Could you plz elaborate on your design? I mean how many Alanines are there in your protein sequence? How the random sequences have been allocated? If they are random, how you call them "normal"? I think a normal protein sequence cannot be random, right?

Then what is your question? the one you stated in your title (multiple comparison problem)? or the one stated in your post (is the number of Alanines in your protein greater than expected?

And if you have 9 amino acids? or 9 proteins? I see you have said both.

-------------

As some suggestions, I think you don't have a multiple comparison case, if you are comparing a single sequence with 1000 sequences.

If you care about only the number of Alanines in your protein, well you are comparing a single ratio with 1000 other ratios.
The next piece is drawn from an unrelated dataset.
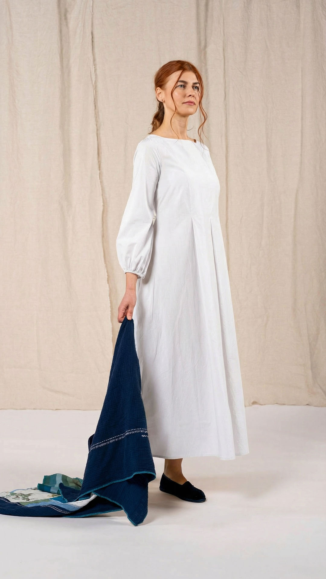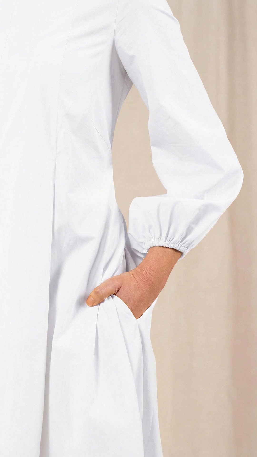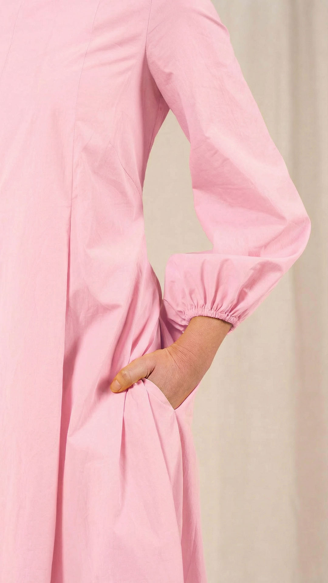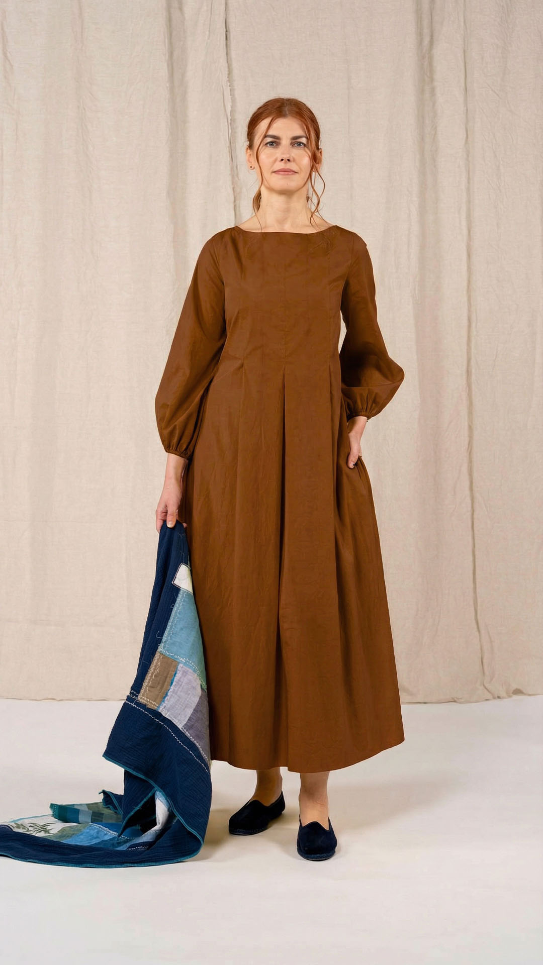 Una nuova interpretazione dell’abito Filo, caratterizzato da tre profondi fondi piega sia sul davanti che sul retro, che creano struttura e movimento. Scollo a barca, manica con arricciatura e polso rifinito da un elastico. Chiusura con cerniera sul retro e tasche laterali. Un abito dal carattere fresco e leggero.

Lets say your sequence has 3 Alanines. So your Alanine ratio is 33.3%. You will check if this ratio differs from the ratios in those 1000 normal sequences... You can use a chi-square test. You have for example 3 Alanines in your 9-AA sequence. You have 1430 Alanines in your 9000-AA collective random AA bank. So your chi-square would compare 3 / 6 versus 1430 / (9000 - 1430). You won't need correcting for multiple comparisons.

You can also use a chi-square goodness of fit test.

Also instead of having 1000 random sequences, you can calculate the expected ratio by calculating the possibility of Alanines and other amino acids. So you have 9 cells, each of which can take 20 amino acids, and only one of them is Alanine.... This way, you will have a potential number of sequences with a limited number of sequences including different numbers of Alanine. You can count those Alanine-included sequences and calculate the average of them, as the expected Random value.

-----------------------------------

As long as you are concerned with the number of Alanines in your 9-AA sequence, you have actually only one single comparison.Is the chi-square still the best option? Or do I need something to correct for the 1 vs 1000 comparisons?